DATE:                           FEBRUARY 3, 2020

Transcript (PDF)

BIOGRAPHY

Dr. Nanette Kass Wenger was born in New York City to Edith and Aaron Kass.  The family name was abbreviated from Kasakevich when her father arrived to the United States.  Her parents were from a small town near Kiev.  They were both highly educated and highly cultured and spoke several languages.  Dr. Wenger grew up in an observant and kosher home. 

From a young age, she felt inspired by cousins to study medicine who were also in the field.  She graduated from Hunter College in New York in 1951.  In 1954, Dr. Wenger attended Harvard University as the fifth class of women.  She did her residency and cardiology fellowship training at Mount Sinai Hospital in New York, where she met her husband, Dr. Julius Wenger.  She and her husband moved to Atlanta after he was offered a prestigious faculty position at Emory University School of Medicine.  She was based at Grady Memorial Hospital, where she has had a long and successful career in cardiology.  Dr. Wenger has been a leader in the science of cardiology in women and contributed to the advances in the field.  Among her many achievements, she was editor of the American Journal of Geriatric Cardiology and founded Society of Geriatric Cardiology.  She has authored and co-authored many scientific articles.  She has won numerous prestigious awards and mentored numerous women who were training in medicine.

Dr. Wenger joined Hadassah and became a member of Ahavath Achim Congregation on their arrival to Atlanta.  She and her husband have three daughters: Deborah, Judith, and Beth, all of whom attended Sunday school at Ahavath Achim, and have successful careers of their own. 

SCOPE OF INTERVIEW 

Dr.
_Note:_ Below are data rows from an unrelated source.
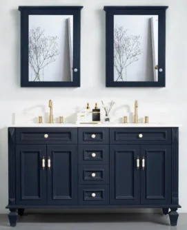 Bathroom cabinet countertops wear out quickly. Therefore, we must choose a type of table that is scuff-resistant and has a hard textured surface. At present, the more common bathroom countertop materials are microcrystalline stone, jade, artificial quartz stone, etc. Among them, quartz stone is an ideal countertop material because it has several advantages: high-temperature resistance, no deformation, no surface warping, no explosion, and anti-fouling.
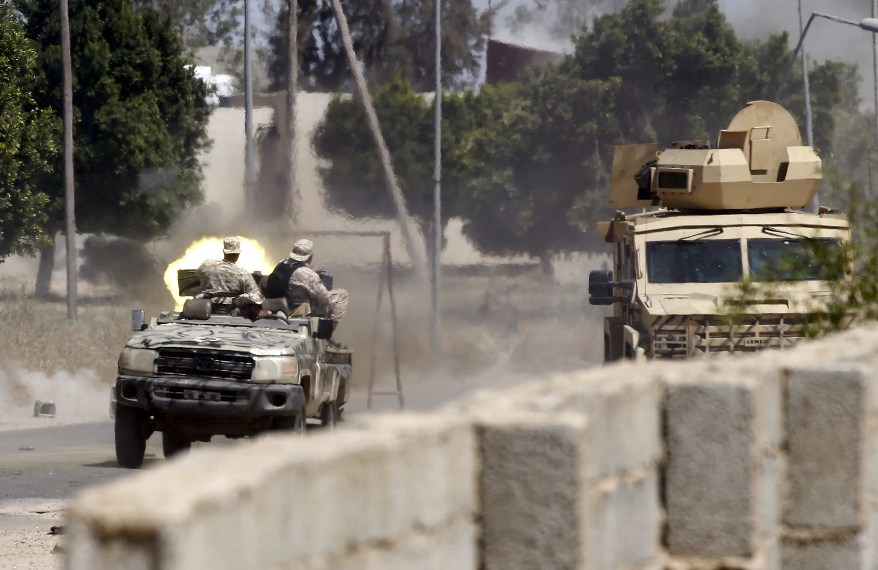 Fighters loyal to the internationally-recognised Government of National Accord (GNA) fire a jeep-mounted gun during clashes with forces loyal to strongman Khalifa Haftar, in Espiaa, about 40 kilometres (25 miles) south of the Libyan capital Tripoli on April 29, 2019. Fierce fighting for control of Libya's capital that has already displaced tens of thousands of people threatens to bring a further worsening of humanitarian conditions, a senior UN official has warned. (Photo by Mahmud Turkia/AFP Photo)
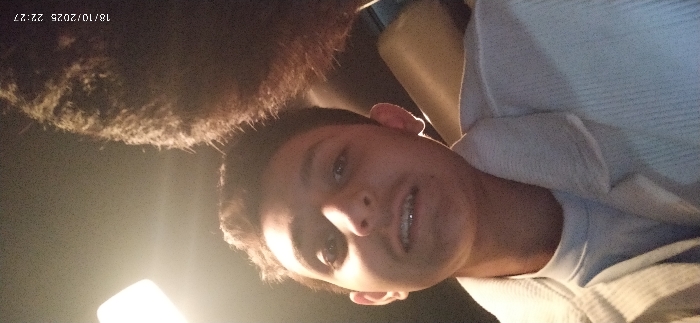 A close-up, rotated photograph depicts a young male positioned from a low angle in a dimly lit, interior environment within the city of Al-Kiswa, Syria. The male subject, exhibiting a light complexion and dark hair, is smiling, revealing visible dental braces on his upper teeth. He is wearing a light-colored, possibly light blue, collared shirt with a textured pattern. His head is tilted to the right relative to the frame. A dark, textured mass, consistent with human hair or animal fur, is visible in the lower right quadrant, partially illuminated. A bright, rectangular light source is present in the upper right, casting significant glare and serving as the primary illumination. The background is dark and indistinct. A timestamp "18/10/2025 22:27" is overlaid in the lower right corner.
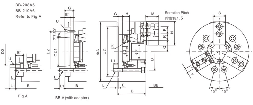 | BB-215 A15 | M155×2 | 6-M24 | 35 | 38 | 63 | 165 | 43 | 93.5 | 85.7 | 43.75 | 18.25 | 62 | 22 | 3-M12 |
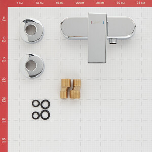 Комплектация: Смеситель в сборе, круглая уплотнительная прокладка — 2 шт., эксцентриковый S-образный крепеж 1/2 х 3/4 дюйм — 2 шт., чашки декоративные (отражатели) — 2 шт.
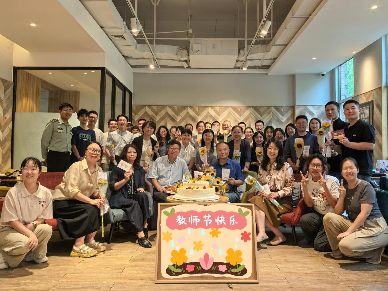 校工会同时为教师们准备了教师节蛋糕和向日葵鲜花,员工们还为每位教师送上手写贺卡以表达真挚的节日祝福。咖啡厅内欢声笑语不断,教师们畅叙情谊,交流教学心得,探讨学术问题,气氛热烈而融洽。
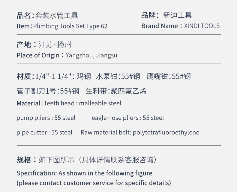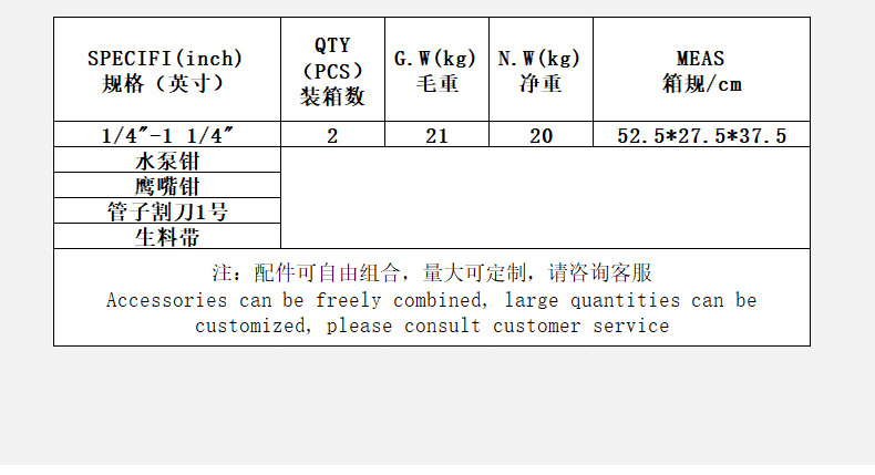 • 완전한 세트(치아 헤드, 워터 펌프 플라이어, 올크라논 플라이어, 파이프 커터 포함)
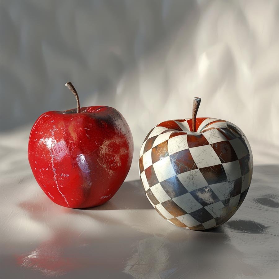 Ich kann Ihnen heute ein Kunstwerk vorstellen, das die Essenz der visuellen Kunst in einer Weise einfängt, die sowohl innovativ als auch tiefgründig ist. „Zwei Äpfel. Einer rot und einer karriert.“ ist ein Titel, der die Neugier weckt und die Fantasie anregt. Dieses Werk ist eine meisterhafte Darstellung in 3D-Kunst, die die Grenzen zwischen Realität und Illusion verschwimmen lässt.
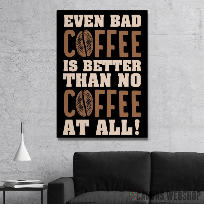 Bad Coffee je slika odštampana na kvalitetnom pamučnom platnu koje je zategnuto na ram od bukovog drveta. Slika Bad Coffee je dostupna u različitim dimenzijama.
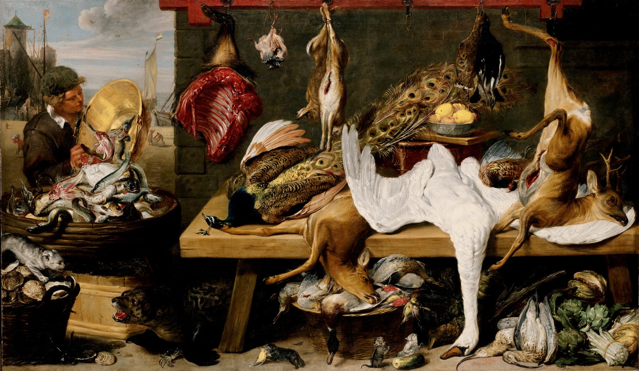 While still life dates back as far as early Roman antiquity, it flourished in the Netherlands during the early 1600s or what was known as the Dutch Flemish golden age of art. This period existed during the Baroque period of art. Still lifes were the artists forum to display skill in painting objects in a realism style with great detail and dramatic lighting effects. A literal cornucopia of food, tableware and intricate cloth patterns and subtle folds in table cloths and flowers all challenged painters.
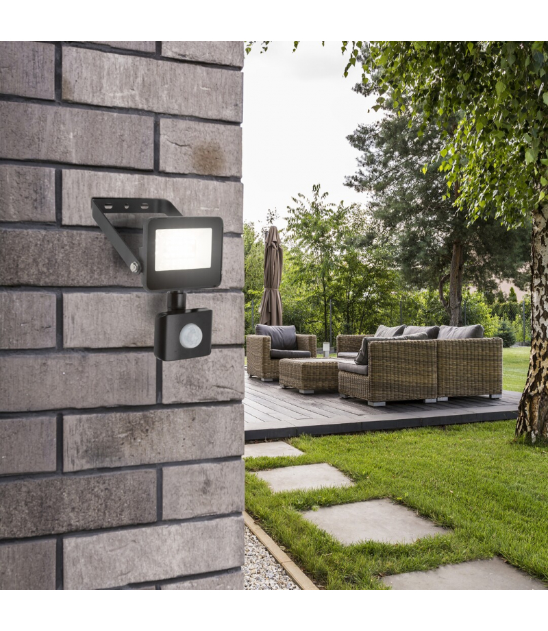 Wyposażona w czujnik ruchu. lampa zewnętrzna Flood. o rozproszonej wiązce światła doskonale nadaje się do oświetlenia ogrodu wokół domu. Czarna metalowa oprawa wyposażona jest w przezroczysty plastikowy klosz. Reflektor wyposażony jest w źródło światła LED o mocy 10W. strumieniu świetlnym 900 lumenów oraz temperaturze barwowej 4000K. Żywotność żarówki. emitującej naturalne białe światło. wynosi 20 000 godzin. Konstrukcja lampy Flood pozwala w łatwy sposób ustawić ją tak. aby oświetlała wyznaczone miejsca. dzięki czemu można oświetlić określoną przestrzeń. rośliny lub upiększyć różne części budynku i ogrodu. Lampa generuje światło o szerokim kącie. wynoszącym 110°. daje to efekt rozproszenia. Wymiary obudowy lampy to 103mm szerokości i 159mm wysokości. Czujnik ruchu skutecznie wykrywa ruch w odległości 4-10 metrów. pod kątem 120°. Lampa Flood posiada stopień ochrony IP44. który gwarantuje. że jest zabezpieczona przed przedostaniem się cząstek do 1mm. kurzem oraz zachlapaniem wodą. Na lampę udzielamy 5 letniej gwarancji.
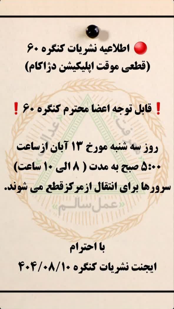 روز سه شنبه مورخ ۱۳آبان ازساعت ۵:۰۰ صبح به مدت ( ۸ الی ۱۰ ساعت) سرورها برای انتقال ازمرکزقطع می شوند.
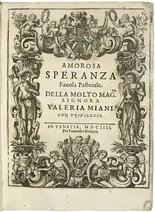 Miani's first pastoral drama, Amorosa Speranza was published in 1604.[8] It took Miani six years to have her play published, having submitted it to her publisher in 1598. Her publisher and editor Francesco Bolzetta had the play in his possession for years before he decided to put it into print.[9] Bolzetta was the primary publisher for the Ricovrati of Padua, the same academy which Miani was in contact with.[10] By publishing Amorosa Speranza, Miani became the third woman in Italy to have ever published a nonreligious play. The play Amorosa Speranza appears to have not been written for print, but rather for performance. Multiple times during the play the performer addresses the audience, even so much as having the prologue of the performance primarily spoken to the audience.[10] The plot of Amorosa Speranza revolves around the life of the virtuous sprite Venelia, who has been abandoned by her husband following their wedding night. Venezia struggles throughout the play to rid herself of the unwanted advances of two shepherds, Alliseo, and Isandro.[10]
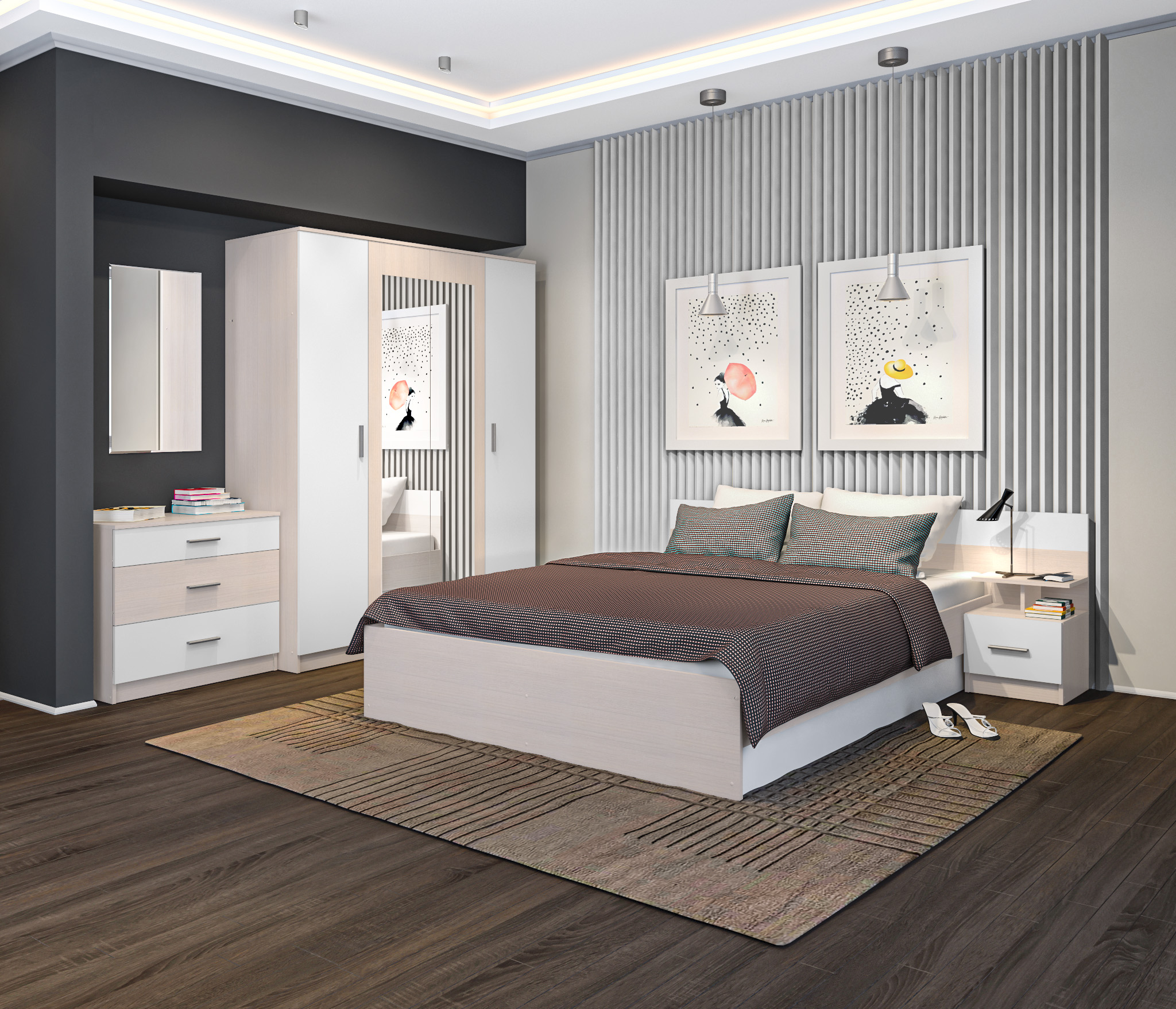 Такое цветовое решение придает спальне свежий внешний вид, добавляя нотку элегантности в ваш интерьер. Комплектация набора включает в себя все необходимое для уютного пребывания в спальне:

Nanette Wenger begins the interview talking about her parents who came to New York from a small town near Kiev around World War I.  She relates a charming family story of her father’s journey to the United States during Yom Kippur.  She reflects that she grew up attending symphony and opera with her sister.  She discusses her education in New York and reflects that she knew at a young age that she would have a career in medicine.  She talks about attending medical school at Harvard University and being in one of the first classes of women in a field dominated by men.  

She talks about meeting her husband, Dr. Julius Wenger, at Mount Sinai Hospital where she was doing her residency.  She discusses moving to Atlanta in the 1950s with him and her first impressions of living in a segregated society.  She discusses her clinic at Grady Memorial Hospital, a segregated facility, and how she contributed in its desegregation.  She talks about her friendship with Martin Luther King, Jr., and his wife Coretta and entertaining them at her home.  She talks about Rabbis Harry Epstein and Jacob Rothschild’s leadership during the Civil Rights Era.